Health

AAA Thinks THC Blood Tests on Stoned Drivers Are Unscientific (Because They Are)

Studying what happens when drivers get high is very complicated. Still, don't get high and drive.

Currently, laws in states where marijuana is legal rely on legal blood limits of THC to test for impaired driving. A new study reminds us that this method is, for lack of a better word, dumb. Released by the AAA’s Foundation for Traffic Safety, the report finds that the amount of THC in a human’s bloodstream is not an accurate barometer of their performance behind the wheel. The correlation for alcohol remains clear, but marijuana’s effects on the body are a lot less straightforward.

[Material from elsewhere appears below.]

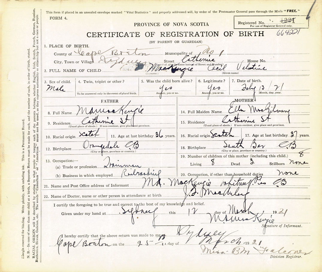 21. Name and Post Office address of Informant M. A. MacKenzie Whitney Pier, Sydney, Cape Breton
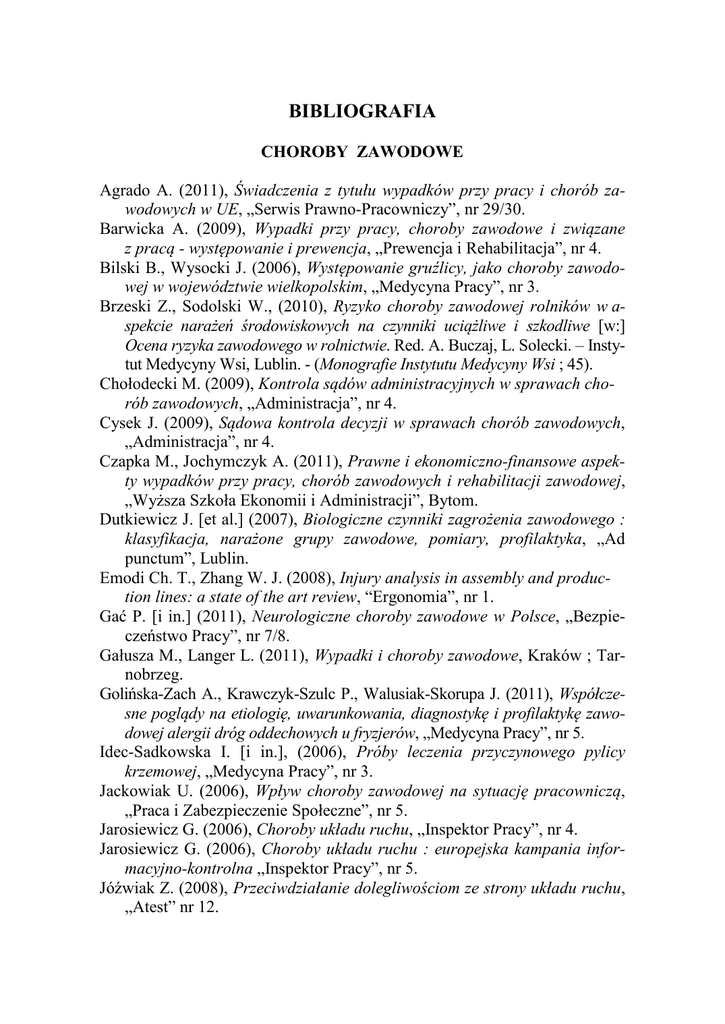 BIBLIOGRAFIA CHOROBY ZAWODOWE Agrado A. (2011), Świadczenia z tytułu wypadków przy pracy i chorób zawodowych w UE, „Serwis Prawno-Pracowniczy”, nr 29/30. Barwicka A. (2009), Wypadki przy pracy, choroby zawodowe i związane z pracą - występowanie i prewencja, „Prewencja i Rehabilitacja”, nr 4. Bilski B., Wysocki J. (2006), Występowanie gruźlicy, jako choroby zawodowej w województwie wielkopolskim, „Medycyna Pracy”, nr 3. Brzeski Z., Sodolski W., (2010), Ryzyko choroby zawodowej rolników w aspekcie narażeń środowiskowych na czynniki uciążliwe i szkodliwe [w:] Ocena ryzyka zawodowego w rolnictwie. Red. A. Buczaj, L. Solecki. – Instytut Medycyny Wsi, Lublin. - (Monografie Instytutu Medycyny Wsi ; 45). Chołodecki M. (2009), Kontrola sądów administracyjnych w sprawach chorób zawodowych, „Administracja”, nr 4. Cysek J. (2009), Sądowa kontrola decyzji w sprawach chorób zawodowych, „Administracja”, nr 4. Czapka M., Jochymczyk A. (2011), Prawne i ekonomiczno-finansowe aspekty wypadków przy pracy, chorób zawodowych i rehabilitacji zawodowej, „Wyższa Szkoła Ekonomii i Administracji”, Bytom. Dutkiewicz J. [et al.] (2007), Biologiczne czynniki zagrożenia zawodowego : klasyfikacja, narażone grupy zawodowe, pomiary, profilaktyka, „Ad punctum”, Lublin. Emodi Ch. T., Zhang W. J. (2008), Injury analysis in assembly and production lines: a state of the art review, “Ergonomia”, nr 1. Gać P. [i in.] (2011), Neurologiczne choroby zawodowe w Polsce, „Bezpieczeństwo Pracy”, nr 7/8. Gałusza M., Langer L. (2011), Wypadki i choroby zawodowe, Kraków ; Tarnobrzeg. Golińska-Zach A., Krawczyk-Szulc P., Walusiak-Skorupa J. (2011), Współczesne poglądy na etiologię, uwarunkowania, diagnostykę i profilaktykę zawodowej alergii dróg oddechowych u fryzjerów, „Medycyna Pracy”, nr 5. Idec-Sadkowska I. [i in.], (2006), Próby leczenia przyczynowego pylicy krzemowej, „Medycyna Pracy”, nr 3. Jackowiak U. (2006), Wpływ choroby zawodowej na sytuację pracowniczą, „Praca i Zabezpieczenie Społeczne”, nr 5. Jarosiewicz G. (2006), Choroby układu ruchu, „Inspektor Pracy”, nr 4. Jarosiewicz G. (2006), Choroby układu ruchu : europejska kampania informacyjno-kontrolna „Inspektor Pracy”, nr 5. Jóźwiak Z. (2008), Przeciwdziałanie dolegliwościom ze strony układu ruchu, „Atest” nr 12. 104 BIBLIOGRAFIA Juszczyk M., Wysokiński M. (red.), (2012), Selected medical problems of the 21st century man, “Kieleckie Towarzystwo Edukacji Ekonomicznej”, Kielce. Kieć-Świerczyńska M., Kręcisz B., Chomiczewska D. (2009), Zawodowe kontaktowe zapalenie skóry u fryzjerów, „Medycyna Pracy”, nr 5. Kieć-Świerczyńska M., Chomiczewska D., Kręcisz B. (2010), Praca w środowisku mokrym : istotna przyczyna dermatoz zawodowych, „Praca i Zdrowie”, nr 12. Kieć-Świerczyńska M., Chomiczewska D., Kręcisz B. (2010), Wet work praca w środowisku mokrym, „Medycyna Pracy”, nr 1. Kieć-Świerczyńska M. (red.), (2010), Zasady diagnostyki, orzecznictwa i profilaktyki chorób zawodowych skóry, „Instytut Medycyny Pracy im. prof. J. Nofera w Łodzi”, Łódź. Kiersztyn B. (2007), Choroby zawodowe lekarzy, „Praca i Zdrowie”, nr 10. Kowal E. (2008), Dolegliwości zdrowotne a warunki pracy, „Oficyna Wydawnicza Uniwersytetu Zielonogórskiego”, Zielona Góra. Kozela R. (2008), Za mało nowotworów, „Atest”, nr 4. Kręcisz B., Kieć-Świerczyńska M., Chomiczewska D. (2010), Profilaktyka chorób zawodowych skóry, „Praca i Zdrowie”, nr 11. Krzyczmanik D. [i in.] (2011), Borelioza i kleszczowe zapalenie mózgu jako współistniejące choroby zawodowe - opis przypadku klinicznego, „Medycyna Pracy”, nr 3. Krzyczmanik D. [i in.] (2012), Borelioza w praktyce lekarza medycyny pracy, „Medycyna Pracy”, nr 4. Kurpiewska J., Liwkowicz J. (2011), Występowanie zawodowych chorób skóry w Unii Europejskiej, „Bezpieczeństwo Pracy”, nr 6. Kurpiewska J., Liwkowicz J.(2011), Zawodowe choroby skóry rąk. - Cz. 1-2, „Przyjaciel przy Pracy”, nr 5. Lach D. E., Samol S., Ślebzak K. (2010), Ustawa o ubezpieczeniu społecznym z tytułu wypadków przy pracy i chorób zawodowych : komentarz, „Wolters Kluwer Polska”, Warszawa. Lipińska J., Walusiak-Skorupa A. (2010), Astma u osób zawodowo sprzątających : nowy problem medycyny pracy? „Praca i Zdrowie”, nr 10. Majczak W. [i in.] (2005), Wypadki i choroby zawodowe rolników oraz starania Kasy Rolniczego Ubezpieczenia Społecznego na rzecz bezpieczeństwa pracy rolników podczas eksploatacji techniki rolniczej, w tym - podczas gospodarczej obróbki drewna, „Zastosowanie Ergonomii”, nr 4. Majka M. (2010), Ułomny wykaz chorób zawodowych, „Atest”, nr 10. Majka M. (2010), Kleszcze coraz groźniejsze, „Atest”, nr 7. Małysz F. (2011), Postępowanie w sprawach chorób zawodowych, „Służba Pracownicza”, nr 9. BIBLIOGRAFIA 105 Marszałek S. [et al.], 2010, Diagnostyka fizjoterapeutyczna i osteopatyczna w zawodowych zaburzeniach głosu, „Medycyna Pracy”nr 2. Matuszewski K. (2009), Wypadki i choroby zawodowe w górnictwie, „Bezpieczeństwo Pracy”, nr 6. Matuszewski K., Kalus A. (2010), Zachorowalność na pylicę płuc w górnictwie węgla i skuteczność działań profilaktycznych, „Bezpieczeństwo Pracy”, nr 2. Niebudek-Bogusz E. (2009), Postępowanie w dysfoniach zawodowych w krajach Unii Europejskiej i na świecie, „Medycyna Pracy”, nr 2. Niedzielska M. (2011), Choroby zawodowe, „Przyjaciel przy Pracy”, nr 9. Nikołajew J., Leśniewska G. (2008), Społeczny i ekonomiczny wymiar zagrożeń zawodowych w morskim środowisku pracy, „Studia i Prace Wydziału Nauk Ekonomicznych i Zarządzania / Uniwersytet Szczeciński”, nr 7. Piątkowska A., Szymańska J., (2009), Choroby zawodowe i parazawodowe układu ruchu u stomatologów, „Zdrowie Publiczne”, nr 2. Pióro J. (2008), Choroby spawacza, „Praca i Zdrowie”, nr 6. Pióro J. (2009), Choroby zaw

Simply put, the body metabolizes marijuana differently than it breaks down alcohol. Some marijuana users can have soaring THC blood levels and function relatively normally while the others will pull a Maureen Dowd. As if this didn’t already make it difficult to settle on an objective standard for measuring how stoned a person is, many of the drivers assessed by the study had also been drinking, making it even harder to tease out the actual effects of marijuana use.

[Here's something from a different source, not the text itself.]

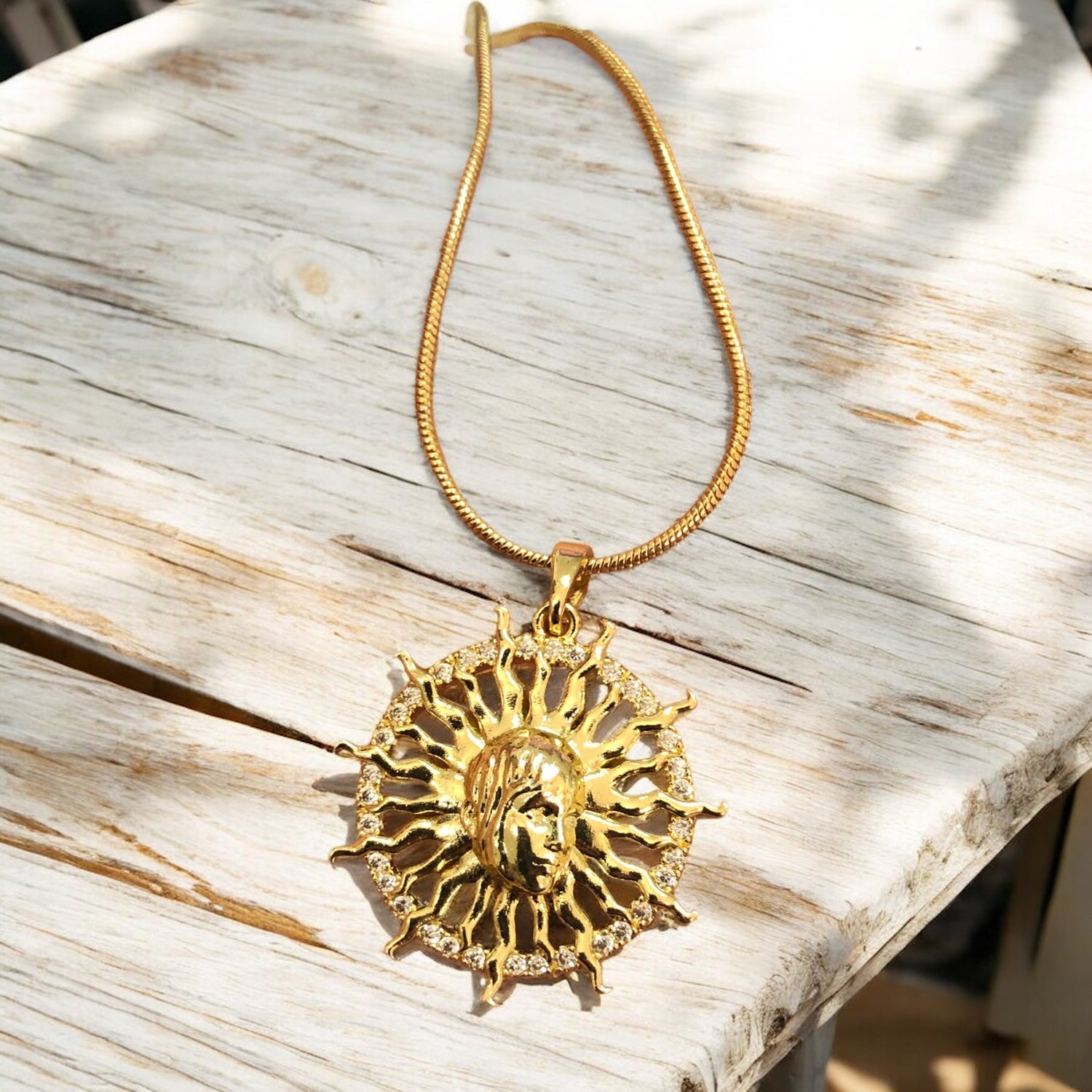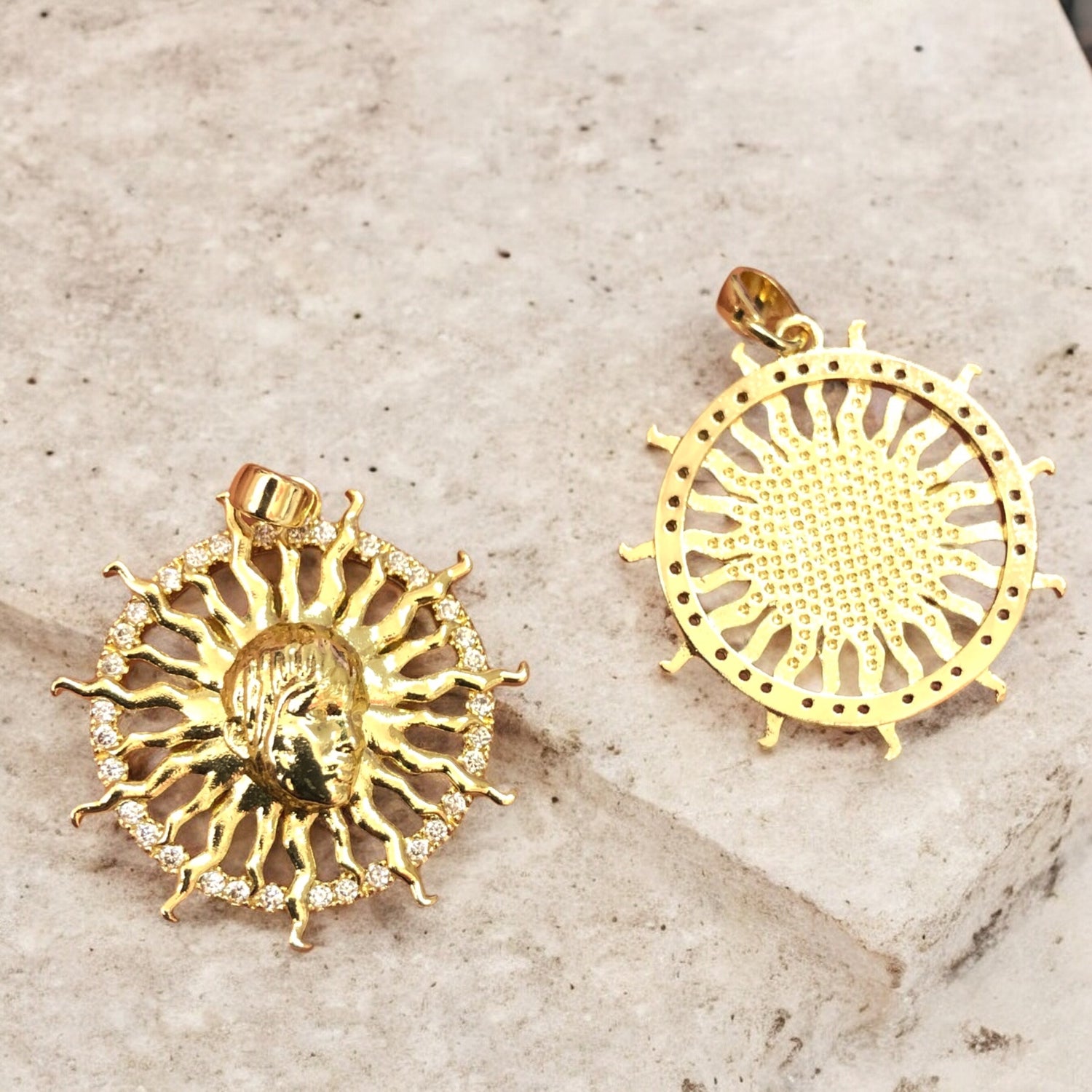 Altın Kaplama Zirkon Taşlı Güneş Kolye Ucu

When arresting individuals for driving under the influence, officials measure weed impairment using two types of tests. There’s the Standardized Field Sobriety Test, where arrestees walk and turn, stand on one leg, and try to touch their nose, and the objective drug test, which measures blood THC concentration. Using data collected from these arrests, AAA found that a substantial number of the drivers that tested positive for THC did not show impairment in the physical tests.

The legal blood THC concentration threshold in Colorado, Washington, and Montana, is currently 5 nanograms per milliliter of blood; in other states, such as Illinois, it’s forbidden outright. But the AAA report suggests all of those measures are total BS — and could be leading to the prosecution of innocent people.

“Based on this analysis, a quantitative threshold for per se laws for THC following cannabis use cannot be scientifically supported,” AAA reports.

Until scientists figure out a better way to objectively assess marijuana impairment, AAA urges state officials to rely on human assessments, not tests, to gauge whether a person is too stoned to drive.